The MATLAB function fft2 computes two-dimensional DFTs using a fast Fourier transform algorithm. Y = fft2(X) is
equivalent to Y = fft(fft(X).').', that is, to computing the one-dimensional DFT of each column X followed by the one-
dimensional DFT of each row of the result. The inverse transform of the two-dimensional DFT is computed by ifft2.
The MATLAB function fftn generalizes fft2 to N-dimensional arrays. Y = fftn(X) is equivalent to:
Y = X;
for p = 1:length(size(X))
Y = fft(Y,[],p);
end
That is, to computing in place the one-dimensional DFT along each dimension of X. The inverse transform of the N-dimensional
DFT is computed byifftn.
Example: Diffraction Patterns
The theory of optics predicts that the diffraction pattern produced by a plane wave incident on an optical mask with a small
aperture is described, at a distance, by the Fourier transform of the mask. See, for example, [1].

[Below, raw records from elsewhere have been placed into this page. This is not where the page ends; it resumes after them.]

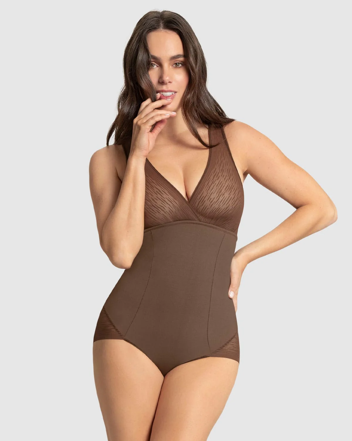 Este body faja cuenta con control de abdomen para estilizar más tu figura y con bralette incorporado para que tengas todo en 1 sola prenda. El bralette tiene un forro interno en las copas para evitar que se formen transparencias y brinda muy buen cubrimiento en los laterales de la sisa para disimular los rollitos de esta zona. En el abdomen y la espalda está elaborado con doble capa de tela lisa + PowerSlim, nuestro material de compresión, y cuenta con cortes frontales que dan un efecto de cintura reloj de arena. El refuerzo en los laterales del busto lo centrará más y el elástico en la base te dará mayor soporte. El tul en los laterales de las piernas y los glúteos le da un toque femenino y sexy a la faja, y además, es de efecto invisible ya que el panty no tiene elásticos. Un beneficio más: te encantará saber que la costura en el centro de los glúteos les dará una modelación más redondeada.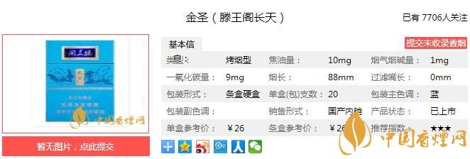 金圣(滕王閣長(zhǎng)天)命名來(lái)源于《滕王閣序》:“落霞與孤鶩齊飛,秋水共長(zhǎng)天一色”。目前我所知道的滕王閣系列,大概有10種。其中,粗支規(guī)格(煙支長(zhǎng)度84mm及以下)7種、細(xì)支規(guī)格2種,中支規(guī)格1種。文中的長(zhǎng)天,就屬于中支規(guī)格。下面就由香煙網(wǎng)小編帶大家一起來(lái)了解金圣(滕王閣長(zhǎng)天)的相關(guān)信息。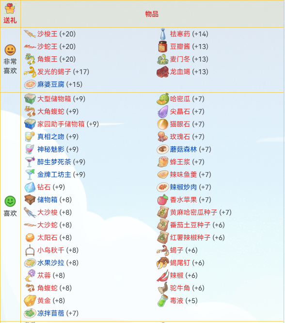 在沙石镇时光中,房时渺是一位可攻略NPC,职业是一位医生,平常居住在诊所,有小伙伴想增进与该角色的好感度,那么沙石镇时光房时渺喜欢什么东西?下面来看看沙石镇时光房时渺礼物喜好一览吧。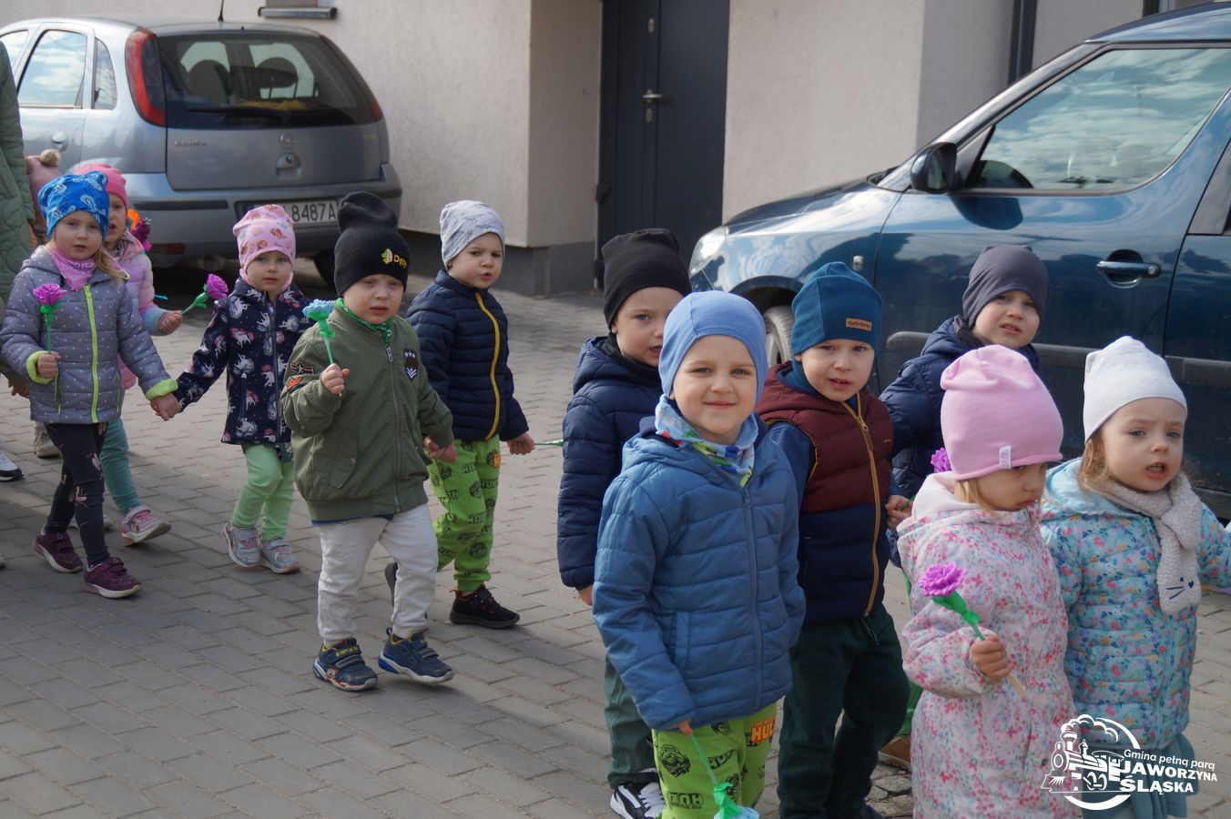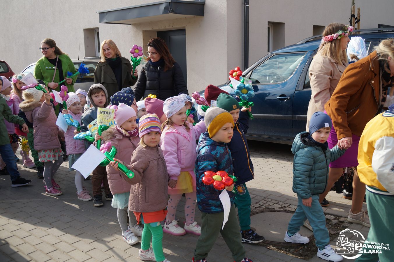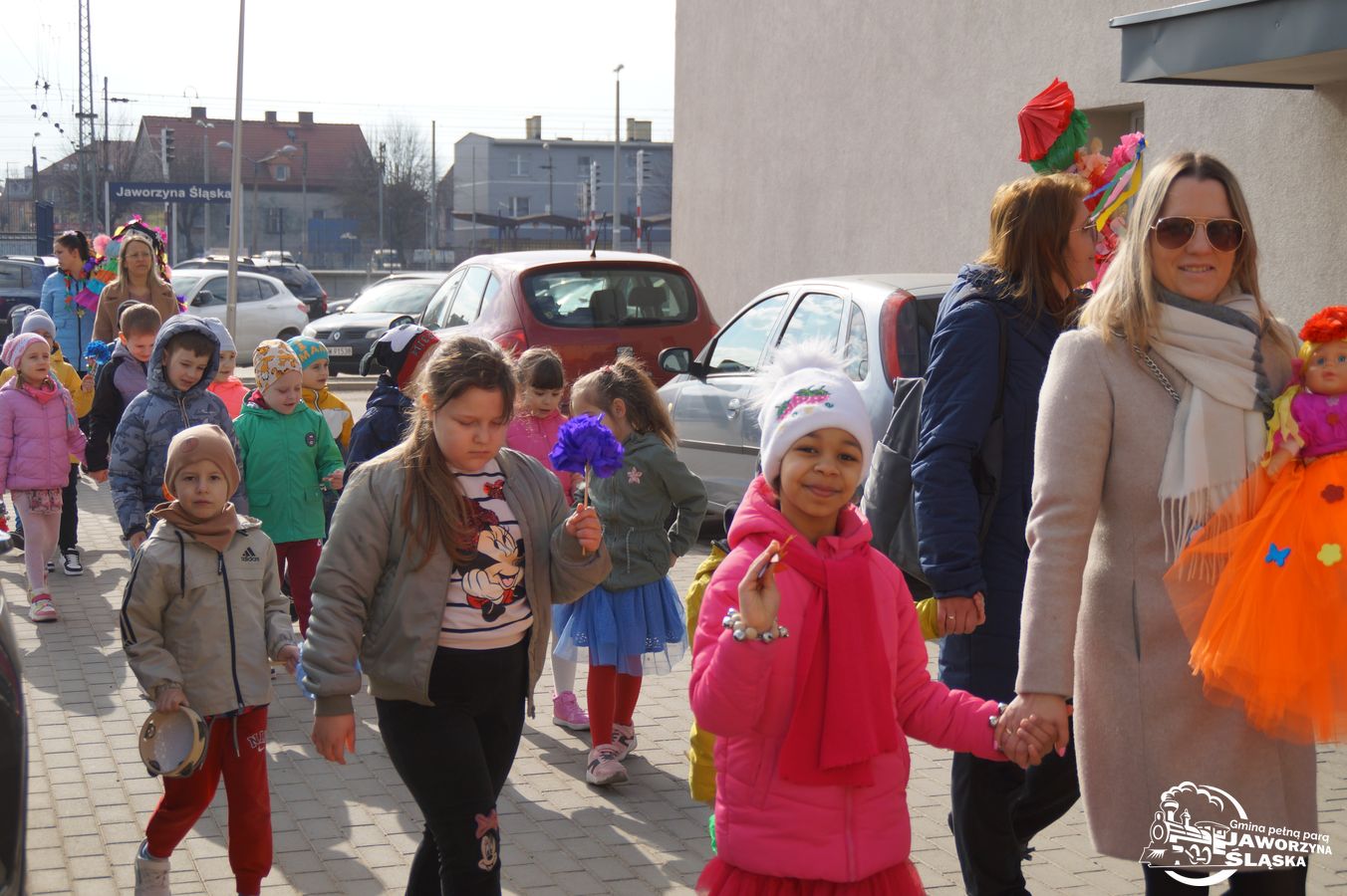 Zaopatrzeni w przygotowane wcześniej kwiaty z bibuły oraz marzanny przedszkolaki z Przedszkola Samorządowego „Chatka Puchatka” wyruszyli na ulice Jaworzyny Śląskiej, aby pożegnać zimę i powitać wiosnę. Radosnym nawoływaniom i piosenkom nie było końca.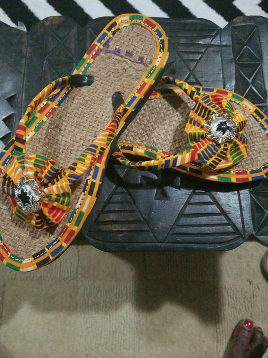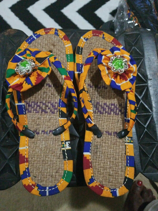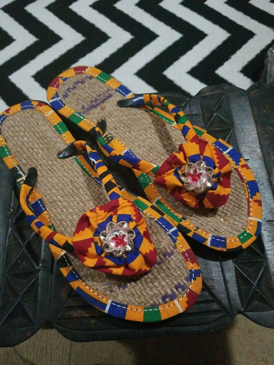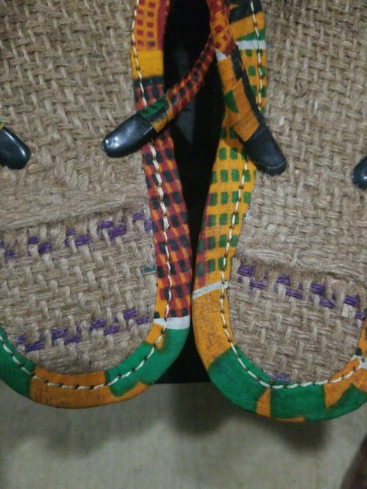 Handmade Kente Slippers with Denim Accents~Size 11M(fits US Size9.5- 10M)~$25ea
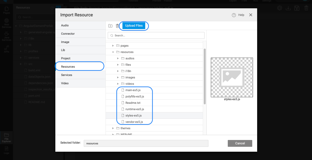 • Upload the artefacts into the Resources folder of project as shown below.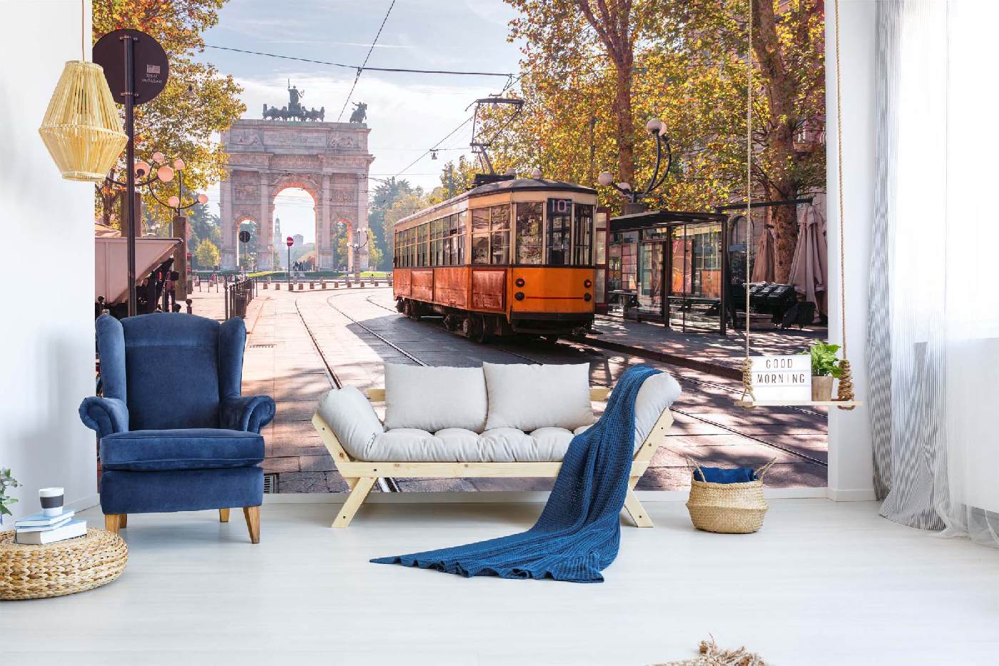 Самозалепваща се флизелинова фототапета Винтидж трамвай 375 x 250 см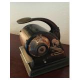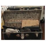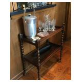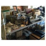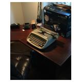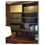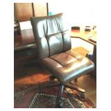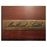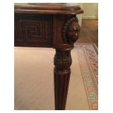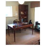 A Maitland Smith desk is the feature of this office room.. with three drawers and leather inlay it will be that great find you'll tell everyone about! Two antique lawyer Barrister bookcases flank the room along with some other great office necessities.. a rolling book cart and a Multiplex slide viewer with storage, various paperbacks and hardbacks to a custom wool 11 color rug.. very subtle.

The following creates a logical array describing an optical mask M with a circular aperture A of radius R:
n = 2^10;
M = zeros(n);
I = 1:n;
x = I-n/2;
y = n/2-I;
[X,Y] = meshgrid(x,y);
R = 10;
A = (X.^2 + Y.^2 <= R^2);
M(A) = 1;
imagesc(M)
colormap([0 0 0; 1 1 1])
axis image
title('{\bf Circular Aperture}')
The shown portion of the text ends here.